Posted on 05/09/2008 8:35:13 AM PDT by 300magnum

NEW YORK (Reuters) - A new company hopes drivers will kick the oil habit by brewing ethanol at home that won't spike food prices.

E-Fuel Corp unveiled on Thursday the "MicroFueler" touting it as the world's first machine that allows homeowners to make their own ethanol and pump the brew directly into their cars.

The portable unit that sells for $10,000 resembles a gasoline station pump and nozzle -- minus the slot for a credit card, or the digital "SALE" numbers that whir ever faster at retail pumps as global demand pushes fuel prices to record levels.

Instead of tapping gasoline from an underground tank, the pump's back end plugs into home power and water supplies to make ethanol for as little as $1 a gallon (3.8 liters), according to E-Fuel.

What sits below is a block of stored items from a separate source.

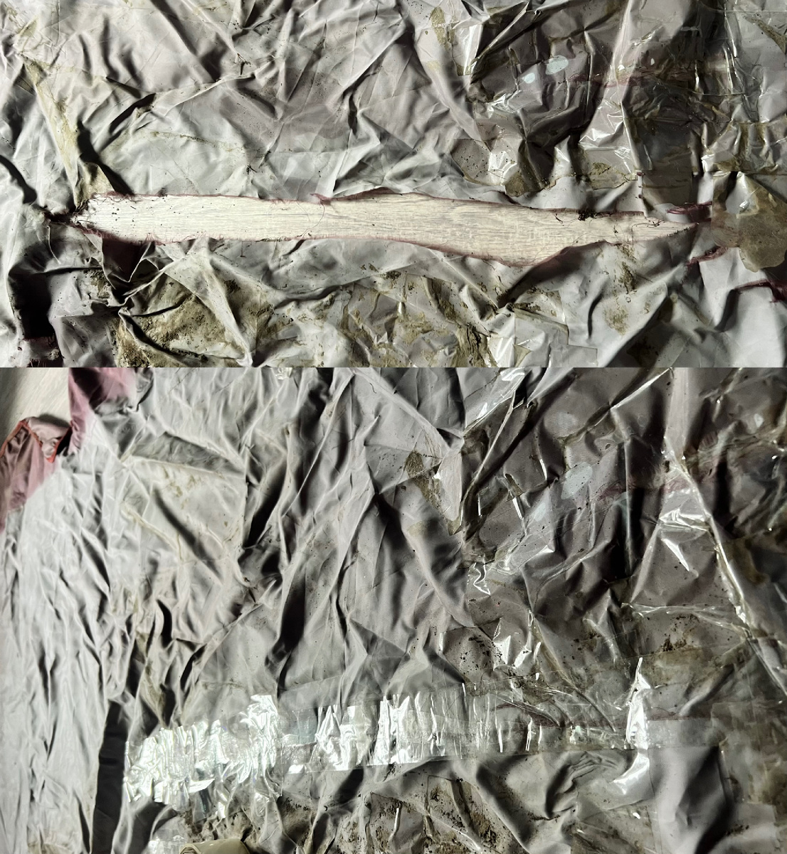 Привет, дачники! 🌞 В Краснодаре уже вовсю шпарит солнце, и я решила что пора доставать навес для качелей, нооо… за два года использования при экстремально высоких температурах юга, из красного он превратился в белый, а ткань стала рваться от небольшого усилия. Я долго решала, из чего буду делать новый навес. Куплю ткань оксфорд? Уже опоздала, навес нужен сейчас, а доставку пока дождешься. Сделать из старого пододеяльника и натянуть на опоры? Неплохая идея, но мне стало жалко красивые пододеяльники, которые за сезон точно бы превратились в труху? Еще был вариант вечного навеса из профнастила или поликарбоната, но про профнастил будет сильно нагреваться, да и небезопасно это, а за поликарбонатом надо куда-то специально ехать. Поэтому я нашла свой простой способ без затрат, и у меня получилось починить навес практически бесплатно! Звучит заманчиво? 📌Что нужно? (Скорее всего, всё это уже есть у вас) ✔ Скотч (я клеила прозрачным скотчем вдоль и поперек каждую рваность) ✔ Плотная плё
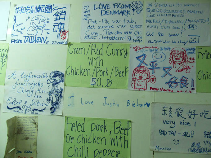 Down the road for dinner, and we found the ‘Best Place in Chiang Mai’ cafe, which had testimonials on A4 paper stuck all over the walls from previous, international diners. And, as it turned out, the moniker is well-deserved. Their food was yummy!! The service was great too – very friendly. Ursula had a fried rice and I had Pat Si Yu – fried noodle, sweet sauce, chinese broccoli and pork. For 40 baht – about $1.80, I think. Might go back there for breakfast I think – after I buy my dragonfruit from the lady round the corner, which I promised her I’d do.
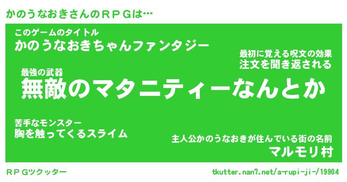 | 男性向けラノベタイトル風あだ名 | 『カノウナオキアートオンライン』 |
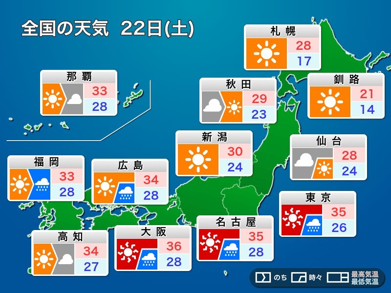 明日22日(土)は、太平洋高気圧の勢力はやや衰えて、四国沖には低気圧が進んできます。
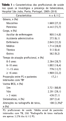 MétodosNeste estudo descritivo, o risco ocupacional de infecção por M. tuberculosis foi avaliado em 6.112 PS (Tabela 1) que trabalhavam ou estavam em treinamento no Hospital São João, na cidade do Porto, Portugal, entre 2005 e 2010. Com base nas diretrizes de 2005 dos Centers for Disease Control and Prevention (CDC) e levando em consideração o número de leitos, bem como a média anual de pacientes diagnosticados com TB (258 pacientes, com uma proporção entre PS e pacientes com TB de 17,2 para 1,0), o risco de contrair TB no hospital em questão foi considerado "moderado".(10) Os PS foram examinados quando da contratação e, a partir de então, anualmente. Exames ocasionais foram realizados em PS sintomáticos e em casos de contato contínuo com TB. Por meio de um questionário, coletamos dados relacionados a idade, gênero, setor de trabalho, tempo de atuação profissional na área da saúde, status de vacinação com BCG, sintomas e histórico de TB. Para cada PS, determinou-se o risco de transmissão de TB com base na classificação dos CDC(10): baixo - para PS que jamais serão expostos a pessoas que sabidamente têm TB ou nas quais há suspeita da doença ou a espécimes clínicos que possam conter M. tuberculosis; moderado - para PS que possam ser expostos a pessoas com TB ou a espécimes clínicos que possam conter M. tuberculosis; ou alto/contínuo - para PS que trabalhem em um setor no qual haja risco de transmissão interpessoal de M. tuberculosis ou evidência de tal transmissão (entre pacientes ou PS) no último ano.
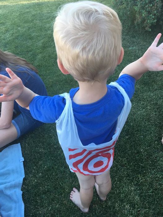 Christian came out to sit on the grass and join the other kids for a game of Pass the Parcel, only his shorts were already dirty and were tumbling in the dryer. So, Ben created this pair of overalls from a Target shopping bag for him to sit in:

The company says one of the machine's top selling points is its sweet tooth. It ferments fuel from sugar, the price of which is historically cheap as global supplies are glutted.

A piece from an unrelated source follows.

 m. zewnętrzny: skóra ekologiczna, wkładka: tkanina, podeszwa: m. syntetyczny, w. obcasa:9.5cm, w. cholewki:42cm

That means it avoids the Achilles heel of today's U.S. ethanol system -- reliance on corn -- which has been blamed for helping to spike global food prices.

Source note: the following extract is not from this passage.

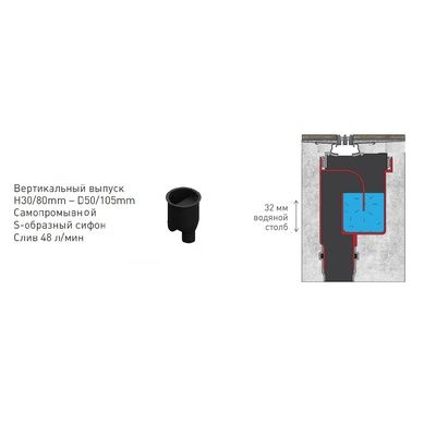 Решетка и декоративные заглушки, нержавеющая сталь AISI 304 Комплект регулировки решетки по высоте от 8 до 30мм Сетка для волос, пластик Комплект гидроизоляции Желоб водосток, нержавеющая сталь AISI 304 Монтажная заглушка, пенопласт Регулируемые по высоте ножки, пластик Самопромывной S-образный сифон PP: Вертикальный выпуск 48 л/мин , пропускная способность 42л/мин, монтаж 360° Монтажный ключ, пластик
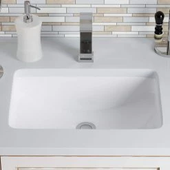 MR Direct Undermount Porcelain Bathroom Sink in White with Pop-Up Drain in Antique Bronze

"There's no mother in America crying that their kids aren't getting enough sugar," Tom Quinn, CEO and founder of E-Fuel said in an interview.

Regular table sugar alone is too expensive, so E-Fuels says it will link customers to cheaper surplus supplies, including inedible sugar from Mexico that sells at a fraction of the price. It also hopes to get users to help pay for feedstock by selling carbon credits for using the machine, since making ethanol from sugar emits fewer greenhouse gases than making it from corn.

"We will break the traditional ethanol system," said Quinn a California computer and computer games inventor, who has bankrolled the company with what he calls "millions, but not multimillion" of dollars.

He said despite the steep upfront costs, the machines will pay for themselves quickly. For a two-car family that drives about 34,500 miles a year, the MicroFueler will pay for itself in less than two years, assuming average gasoline prices of $3.60 per gallon, the company said. The unit makes up to 35 gallons (132 liters) of 100 percent ethanol per week.

Others are not so sure that the MicroFueler is a good investment.

"I doubt it will work," said David Pimental, a professor at Cornell University who has studied the economics of ethanol for decades. He said the history of the fuel has been one of moving to greater and greater scales to increase the efficiencies of making the fuel.

E-Fuel says the machine is efficient in a way that big ethanol plants aren't because it removes water from the fuel with special fine filters that reduce the fuel costs of distilling the water out.

(Reporting by Timothy Gardner, editing by Marguerita Choy)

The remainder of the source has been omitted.